Thursday, December 3, 2009

Agyar - Steven Brust

I picked up Agyar after reading this review by Jo Walton.

What I love about this book is the way it is written. Jack has found an old typewriter and is simply writing to help pass the time while he waits for something to happen. He used to write a long time ago, but is very out of practice. And he is writing with a typewriter, so you are getting a totally unedited first draft. I'm really impressed that Brust managed to write something that feels very unpolished and fresh off the typewriter, and yet make it a story that moves along so nicely and with interesting character development. I think it must be really hard to do this style of thing, when too much action is happening, obviously the main character is not spending as much time in front of the typewriter. When he's sitting around bored, he has lots of time to write, but not nearly as much to say. Very much like a blog.

Spoilers ahead.

The thing which originally intrigued me about this book was the observation by Jo Walton and many of her commenters that this is the sort of book where you don't figure out quite what is going on until near the end, which means that the first time reading it is very special, and re-reading leads to a very different experience. I love this sort of thing, although unless it is done extremely well it is quite frustrating. Now possibly just knowing that there was something more going on made me pay extra attention. Or maybe, like one person commented, the cover of the book gives you a significant hint, but I figured out who & what Jack Agyar was after only a few pages.
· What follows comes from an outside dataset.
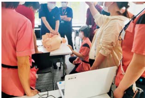
勉強会の様子：肩甲難産時の対応

出産は、大きな喜びがある一方で「安全なお産」ばかりではありません。近年、妊娠や出産に伴うリスクは増加傾向にあります。妊娠中は問題なく経過していても、時に出産時はお母さんや産まれたベビーに危険が伴うこともあります。異常時に対応できるスタッフの育成を目指し、医師を含めた振り返りや新生児蘇生法（NCPR）・新生児処置、肩甲難産時の対応等の学習会、超緊急帝王切開（グレードA）や産後大出血時のシミュレーションを定期的で開催し、部署全体、ときには病院全体で緊急時の対応ができるように知識・技術の向上に努めています。

He forgets the name of his date, his initial interaction with Jill isn't just slick, it is downright predatory. His awareness of the animals on the street as they walk to Jill's house, and his pause on the doorstep to be formally invited into the house. To me this explains things very nicely, and in a way that I find particularly appealing. I like being led to a conclusion, being given all the clues I need and having things made fairly obvious, without having my nose rubbed in it. If the book were to start with the line "Jack was a vampire" then all the extra details would just be annoying, sure he's world-weary, has supernatural senses, needs to be invited in. Instead you get to have a gradual realization that he isn't entirely normal, then not entirely human, and then you start to see some stereotypical vampiry things. Maybe Brust intends for people not to figure things out until later in the book, but to me he made things blatantly obvious in the first chapter. Which is totally fine by me. I don't think it would be especially fun to read this through without knowing that Jack is a vampire...but maybe that's because I haven't tried and won't get to.